I need a distributed file system that needs to scale to very large sizes (about 100 TB of realistic max). File size mainly depends on the range of 10-1500 KB, although some files can reach 250 MB.
I really like the idea of ββsystems like GFS with built-in backup redundancy that would - statistically - visualize file loss in the past.
I have a couple of requirements:
- Open source
- No SPOFs
- Automatic file replication (i.e. no RAID needed)
- Managed Client Access.
- Flat file namespace - preferably
- Built-in Version Removal / Delay
- Proven Deployment Options
I took a serious look at MogileFS as it fulfills most of the requirements.
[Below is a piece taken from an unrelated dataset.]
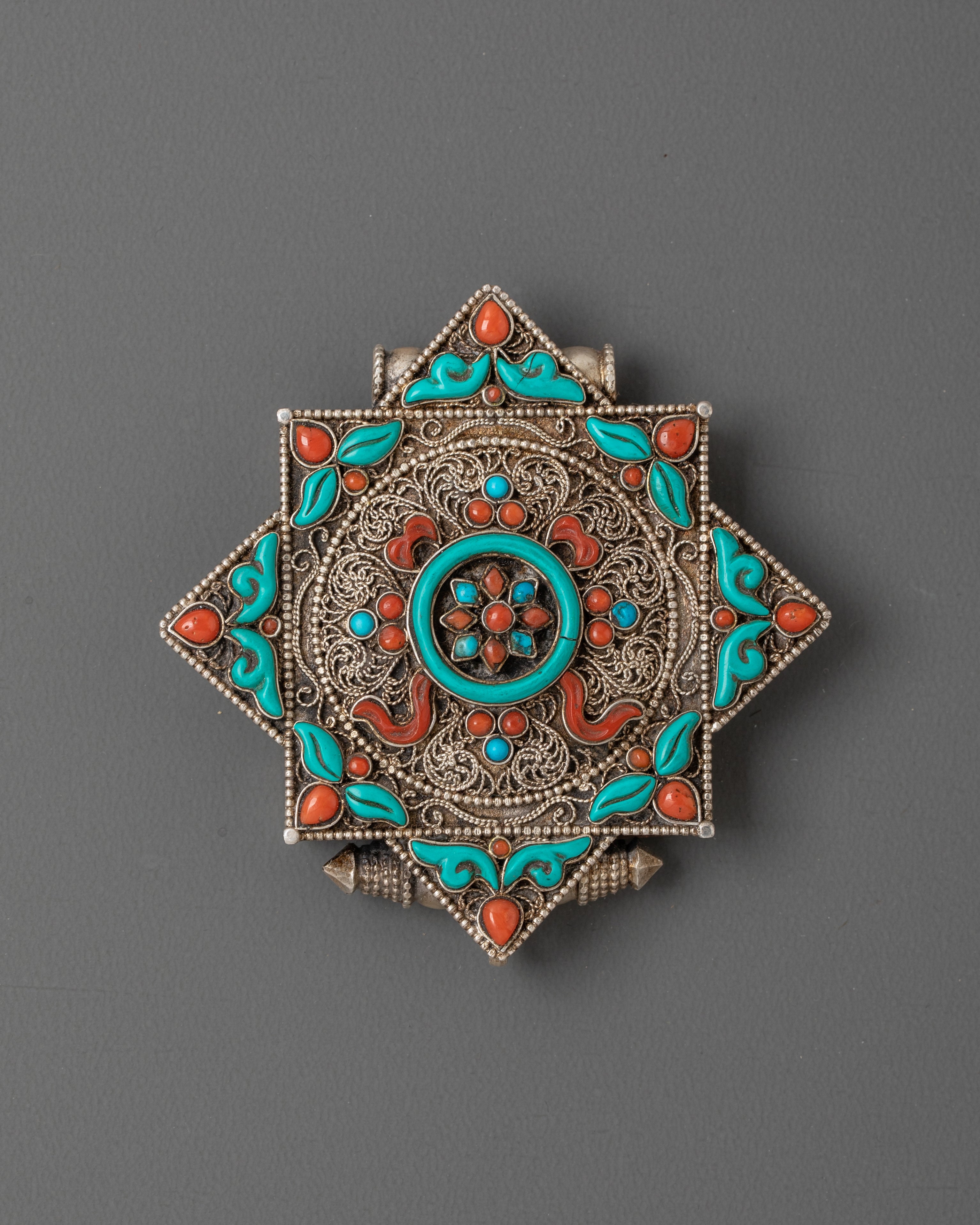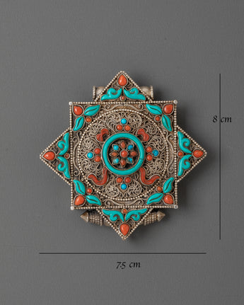 The front of the locket showcases an exquisite mandala-inspired floral motif, surrounded by delicate silver filigree and gemstone inlays. The vibrant coral stones represent life energy and protection, while the turquoise symbolizes peace, healing, and spiritual balance. The symmetrical design not only enhances its aesthetic beauty but also embodies the Buddhist belief in harmony and the unity of all existence.
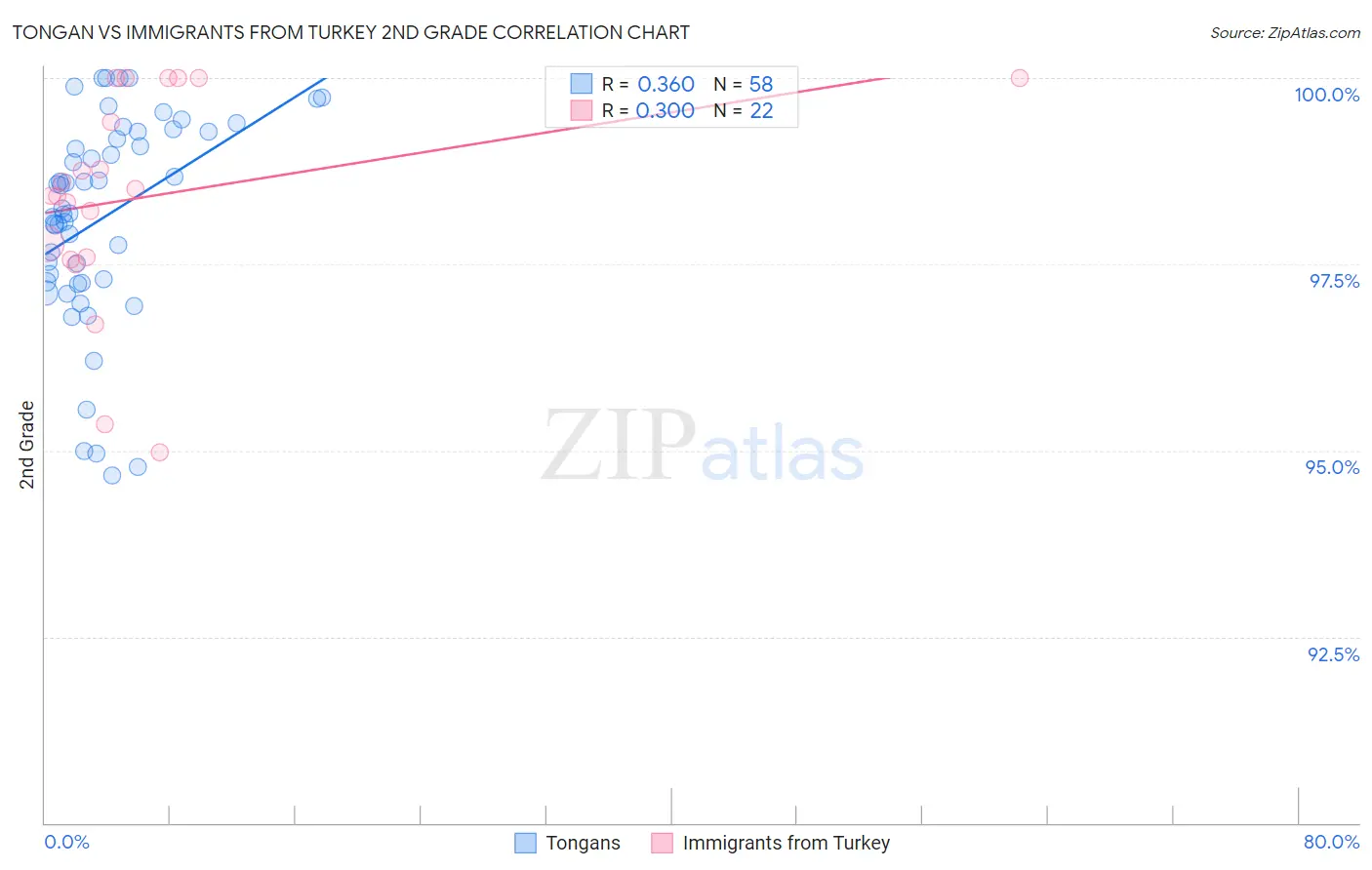 Tongan vs Immigrants from Turkey 2nd Grade Correlation Chart

It has no managed clients, but it's pretty simple to make a Java client port. However, there is no built-in version. Without version control, I will have to make regular backups, except for replicating files built into MogileFS.
Mostly I need protection from a programming error that suddenly cleans up a lot of files that it should not have. While MogileFS protects me from disk and machine errors by replicating my files over X devices, it does not save me if I do an unreasonable deletion.
I would like to be able to indicate that the delete operation does not actually take effect only after Y days. The deletion will be logically performed, but I can restore the state of the file within Y days until it actually disappears. In addition, MogileFS does not have the ability to check for disk corruption during recording - although, again, this can be added.
Since we are a Microsoft store (Windows, .NET, MSSQL), I would optimally use the main parts for working in Windows for ease of maintenance, while the storage nodes performed * nix (or a combination) due to licensing.
Before I even think about tipping over, do you have any suggestions for me? I also tested HadoopFS, OpenAFS, Luster, and GFS, but it doesn't seem to fit my requirements.